Work instruction — Word for word, reproduce the records, keeping none of the pictures.

Entries supplied —
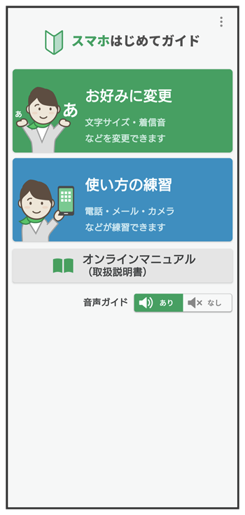 スマホはじめてガイドは、スマホでよく使う機能の練習や、基本的な設定をかんたんに行うことができます。
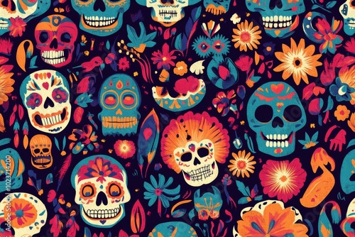 Vibrant Day of the Dead skulls and flowers pattern in bright colors on a dark background, perfect for festive and cultural designs.
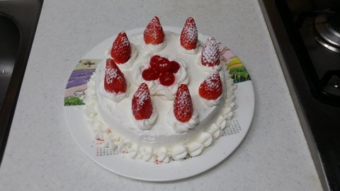 머핀 장식하고 남은 생크림으로 아이싱한 딸기 생크림 케이크에요ㅎㅎ
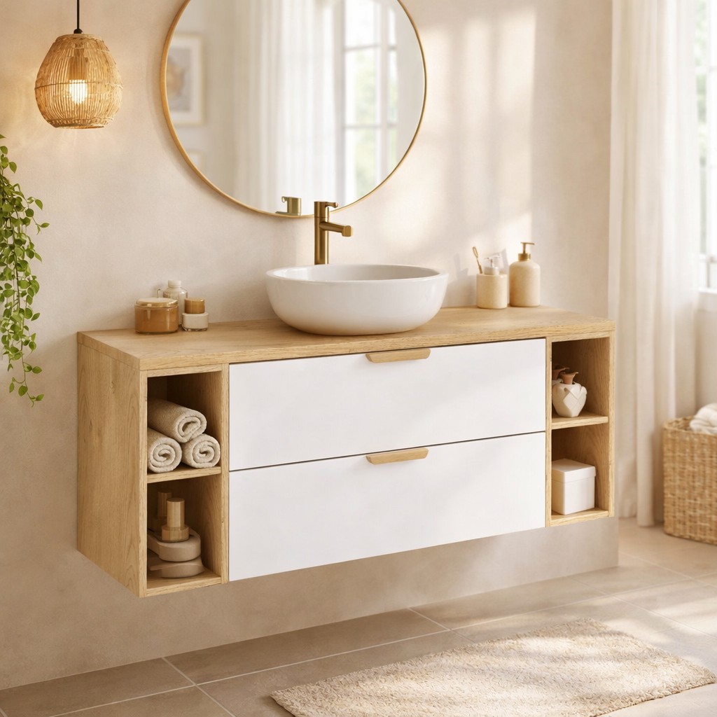Les niches visibles en chêne clair permettent de garder vos essentiels à portée de main tout en apportant une touche naturelle et chaleureuse à votre salle de bain.
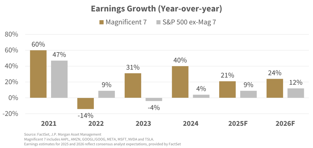 In the United States, these strong returns matched the strong earnings growth produced by American companies alongside almost record profit margins. The Magnificent 7 tech stocks again led the charge in markets, rising 23% versus 13% for the S&P 493 in price terms, supported by 21% earnings growth (vs. 9% for the rest). International markets mirrored this trend, with semiconductor and AI-related companies as top contributors.

Answer box —
 スマホはじめてガイドは、スマホでよく使う機能の練習や、基本的な設定をかんたんに行うことができます。
 Vibrant Day of the Dead skulls and flowers pattern in bright colors on a dark background, perfect for festive and cultural designs.
 머핀 장식하고 남은 생크림으로 아이싱한 딸기 생크림 케이크에요ㅎㅎ
Les niches visibles en chêne clair permettent de garder vos essentiels à portée de main tout en apportant une touche naturelle et chaleureuse à votre salle de bain.
 In the United States, these strong returns matched the strong earnings growth produced by American companies alongside almost record profit margins. The Magnificent 7 tech stocks again led the charge in markets, rising 23% versus 13% for the S&P 493 in price terms, supported by 21% earnings growth (vs. 9% for the rest). International markets mirrored this trend, with semiconductor and AI-related companies as top contributors.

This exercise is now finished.